I didn't learn to detest pet birds until college. My former mother-in-law had a yellow parakeet who flew about her apartment with almost complete freedom. I discovered first-hand the joys of a bird's inability to control its bowels. Wherever that thing landed--clock, cagetop, couch arm, carpet, shoulder, head--it could and often would leave behind a curdled-milk trace of its presence.

Even now, as a mother of two who has personally handled far more excrement and other distasteful bodily emissions than I ever dreamed, I shudder at the memory. At least my children don't leave their waste smeared all over the furniture and walls.

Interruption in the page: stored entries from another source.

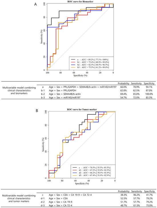 The receiver operator characteristic (ROC) curves and area under the curve (AUC) of multivariable models of pre-operative biomarkers and tumor markers in predicting tumor burden (stages III and IV). A multivariable model was analyzed using logistic regression. In this model, Firth’s penalized likelihood approach was applied because of the small sample size. (A) The ROC curves of multivariable models combining clinical characteristics (age and sex) and three biomarkers (PPL, SEMA4B, and miR140-5p). (B) The ROC curves of multivariable models combining clinical characteristics (age and sex) and three conventional tumor markers (CEA, CA19-9, CA72-4).
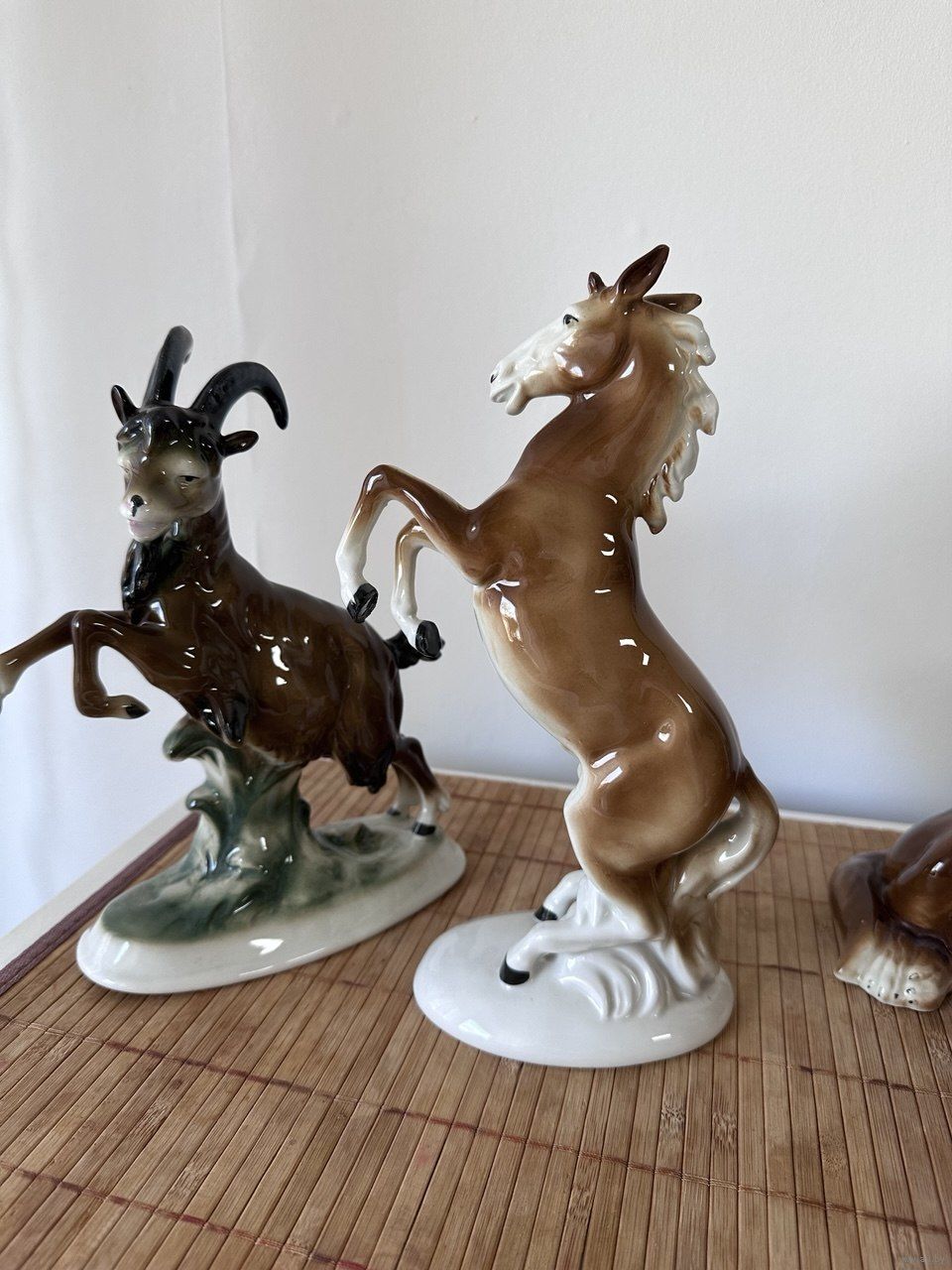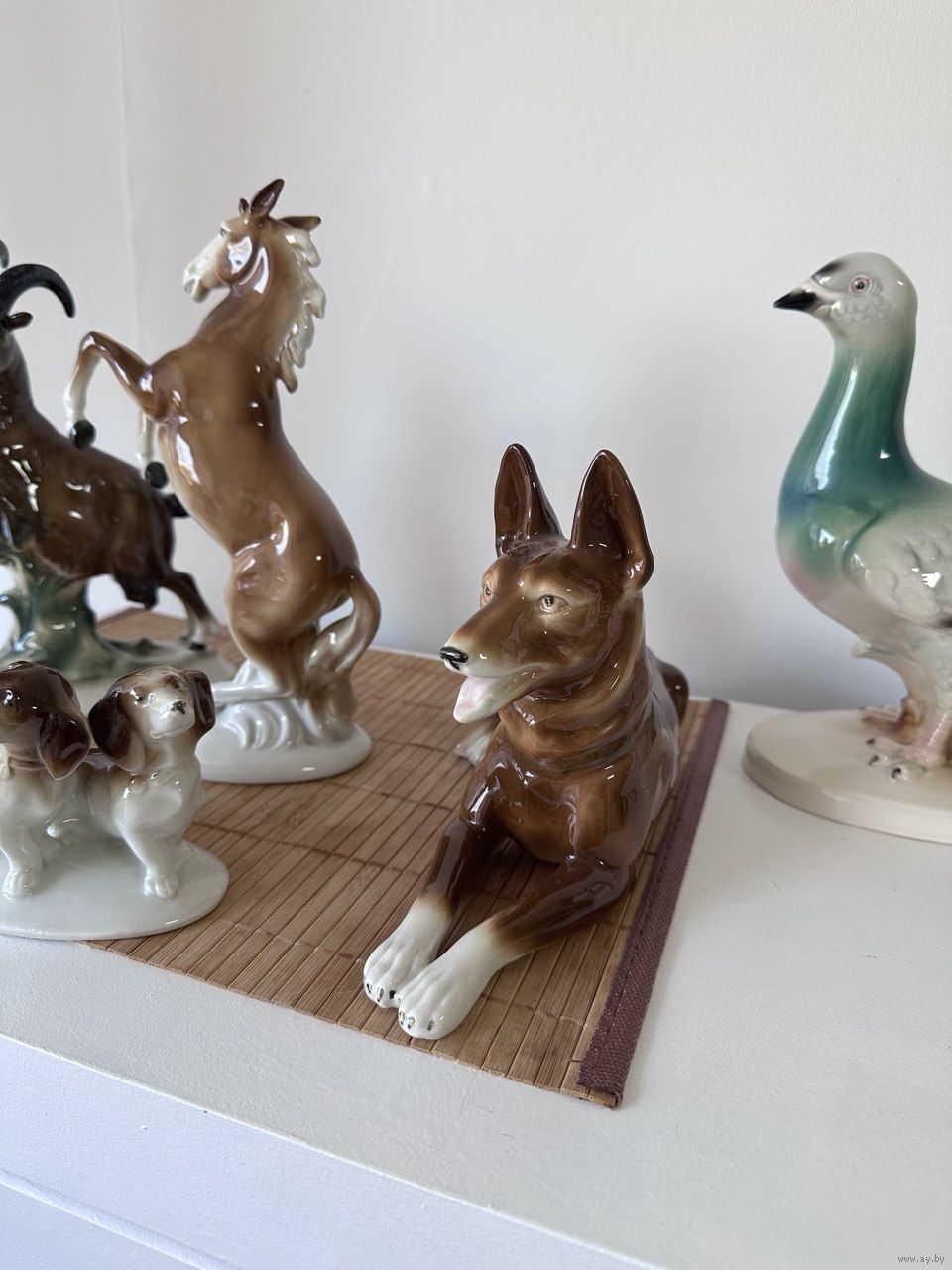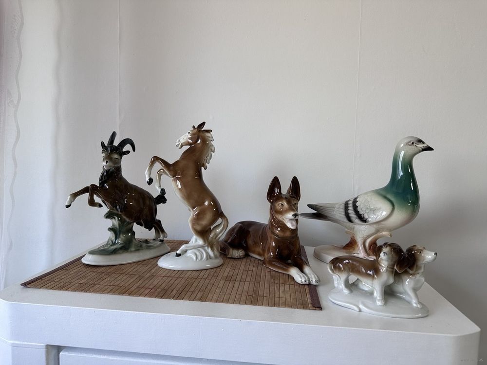 Антикварные статуэтки. Привезены из Германии 1970г. Высота статуэток 23-24 см. (Козел, Лошадь). Голубь высота = 23см, Собака L= 25 см, h= 15 см. Собачки: h= 9см, L= 13см. Фарфор. Все новое.
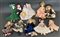 Cartone contenente dieci bambole da collezione di epoche differenti con volti e
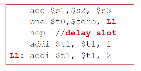 분기 명령어 이후에는 분기여부와 상관없이 명령어가 실행된다. 이때 실행할 명령어가 없으므로 nop 라는 의미없는 명령어를 넣는다.
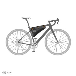 Torba Frame-Pack RC jest przeznaczona do transportu ciężkich rzeczy, na przykład narzędzi lub jedzenia, dzięki centralnemu położeniu blisko ramy roweru. Mocne i wytrzymałe paski Velcro zapewniają bezpieczne mocowanie torby wewnątrz trójkąta ramy roweru, a zwijane zamknięcie zabezpieczane trzema gumkami daje łatwy dostęp do wnętrza. Paski mocujące są regulowane indywidualnie wzdłuż obwodu torby do idealnego dopasowania do geometrii ramy.
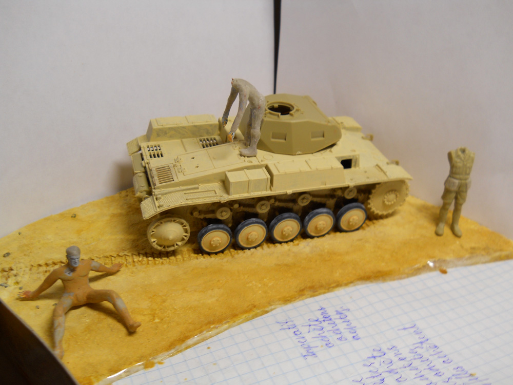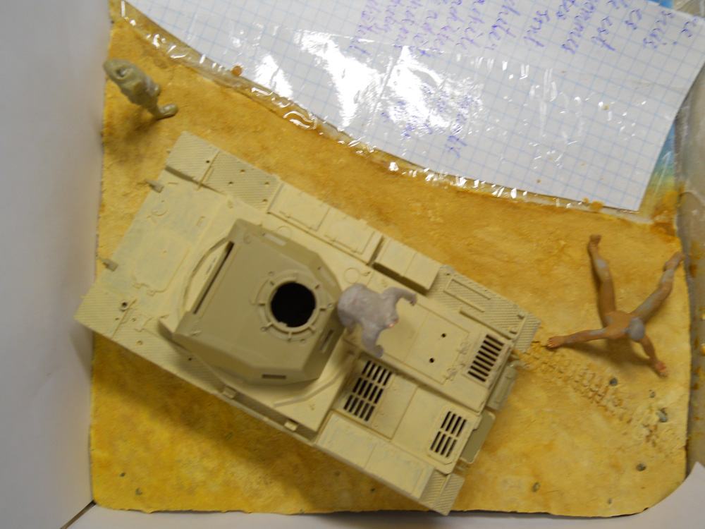 Вот такая картина вырисовывается. Немного высветлил цвет песка на более белый. На фигурке, которая будет с биноклем заново вылепил карманы на кителе-старые никуда не годились. Танк пока в процессе.

Well, not often.

So--no birds as pets in my household.

Our townhouse backs onto a wetlands, a tiny refuge for the local wildlife nestled amidst the human residences of West Bloomfield. And birds nest and fly about and forage in our extended backyard every day.

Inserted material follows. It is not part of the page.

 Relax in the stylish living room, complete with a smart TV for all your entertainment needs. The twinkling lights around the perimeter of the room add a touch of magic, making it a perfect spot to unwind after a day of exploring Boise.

I have discovered that I love birds--when they are properly outside, in their natural medium. MTL and I obtained a bird feeder a few weeks ago, and Thanksgiving weekend we drove the pole into the ground and stocked the feeder with blocks of suet and peanut butter and seeds, the kind loved by birds who winter here rather than fleeing for warmer points south. We have hovered by the window, waiting for the birds to discover it.

Today, they have. Winter's bitter breath is blowing, with distinct promise of snow to come, and the birds are gorging on the luscious fat we have provided them. I sit and watch, wondering if this provision in some way violates the natural order of things. These woodpeckers and cardinals and other birds I cannot name would be forced to make do with the scant provisions of winter-bound wetlands if people like us did not lavish them with food. Would they have more natural foods available to them if we had not invaded their world with brick and wood and vinyl siding? How much of their ability to winter here, as is their natural wont, is based on our tribute to their beauty?

Have we formed an odd partnership, we denizens of the suburbs, feathered and featherless alike?

We pay our human entertainers with offerings as well, forming a niche where basic necessity does not go. Have we extended that concept to nature's entertainers as well?

Come here and brighten up my yard. Sweeten the wind with your songs. And in return, I offer you the fat of the supermarket...

Friday, January 28, 2011

Soft

A while ago, my dear friend Lauren asked for more stories about living in the snowy suburbs of Michigan, curious how a tropics-born-and-raised missionary kid handles all that cold. The truth is: not all that well, considering I spend very little of the winter actually outdoors at all. But I did write some nature essays for an assignment I did along with my sophomores last month, and I'll post a few of them here to give you a glimpse into the wintry world outside my window.

Considering that the forecast calls for another thick layer of snow tonight, I think you'll find me huddled up inside under a few layers of blankets with a goblet mug of wine cocoa most of this weekend.

*************************************
I don't want to be here today. The wind is bitter, the sky gloomy with cloud piled on cloud until the horizon blurs. The warmth of the indoors is calling me, and I think longingly of hot coffee and a blanket and perhaps the friendly hum of television. Or a book. Escape into a different world, see things from a different point of view...

So much for transcending through nature. Today, I am a child of technology and media, pampered by the stuff of other's makings. I realize that if everything were to stop working today, if all the electricity and gas and everything else that has become such an essential part of modern life were to just end--I'd be screwed.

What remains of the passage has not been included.